Interleukin‐6 and the acute phase response during treatment of patients with paget's disease with the nitrogen‐containing bisphosphonate dimethylaminohydroxypropylidene bisphosphonate

Bisphosphonates suppress bone resorption and are used in the management of bone diseases with increasing frequency. In some patients treated for the first time with potent nitrogen‐containing bisphosphonates, there is a transient febrile reaction and transient hematological changes suggestive of an acute phase response. Because IL‐6 is considered to be an important mediator of the acute phase response, we examined the changes in circulating IL‐6 bioactivity in 38 patients with Paget's disease treated with the nitrogen‐containing bisphosphonate (3‐dimethyl‐ amino‐1‐hydroxypropylidene)‐1,1‐bisphosphonate (dimethyl‐APD). 16 patients who had never received such bisphosphonate were treated with oral dimethyl‐APD (100–400 mg/day) and 22 (9 for the first time) with intravenous dimethyl‐APD 4 mg/day. Treatment was given for 10 days. Eleven of 38 patients, all first treatments, showed an increase in body temperature of more than 0.5°C exceeding 37°C associated with a significant decrease in lymphocyte count and an increase in serum CRP values. These changes were transient and did not occur in the patients with no febrile response. In patients with a febrile reaction circulating IL‐6 bioactivity increased significantly and this increase generally preceeded the rise in temperature.

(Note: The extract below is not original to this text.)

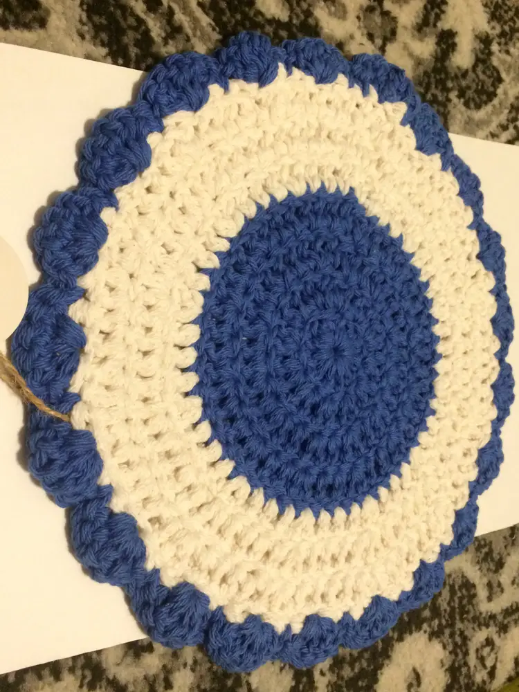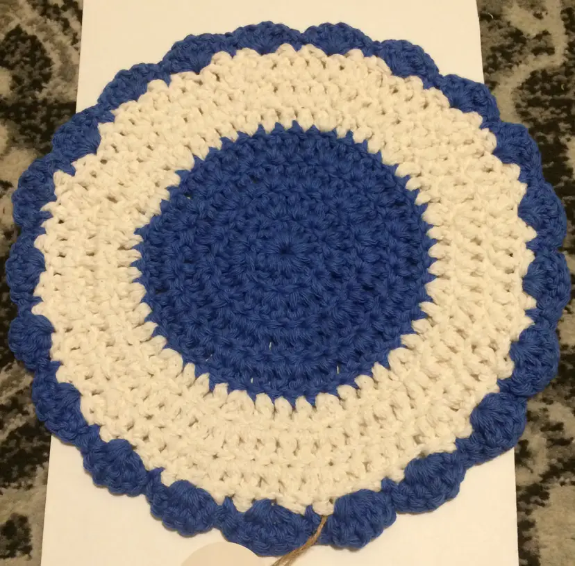 Blue and White 12" Round No condition issues! NEW to District? Enter code Michel42 into your wallet prior to your first ever purchase and save $5 off any $10 or more! Give me a Follow and I WILL Follow you back! :)

Moreover, patients with an acute phase response had significantly higher peak IL‐6 values than those without (128 ± 30 vs. 31 ± 4 U/ml, p < 0.001). The peaks in plasma IL‐6 were further correlated with the peaks in temperature and in serum CRP values ( r = 0.49, p < 0.05). In vitro, low concentrations of dimethyl‐APD, but not of clodronate, stimulated IL‐6 release from fetal mouse bone explants and this release was markedly enhanced after treatment of the bones with dimethyl‐APD followed by PTH. There was also a significant correlation between basal plasma PTH concentrations and IL‐6 peaks ( r = 0.60, p < 0.005) in the patients that improved further when only results from patients with first time exposure to dimethyl‐APD were analyzed ( r = 0.88, p < 0.002). In conclusion, an acute phase response occurred only in patients treated for the first time with the nitrogen‐containing bisphosphonate dimethyl‐APD and IL‐6 plays a role in this response. The cellular basis of the interaction between bisphosphonates and IL‐6 at the bone‐bone marrow interface remains to be elucidated.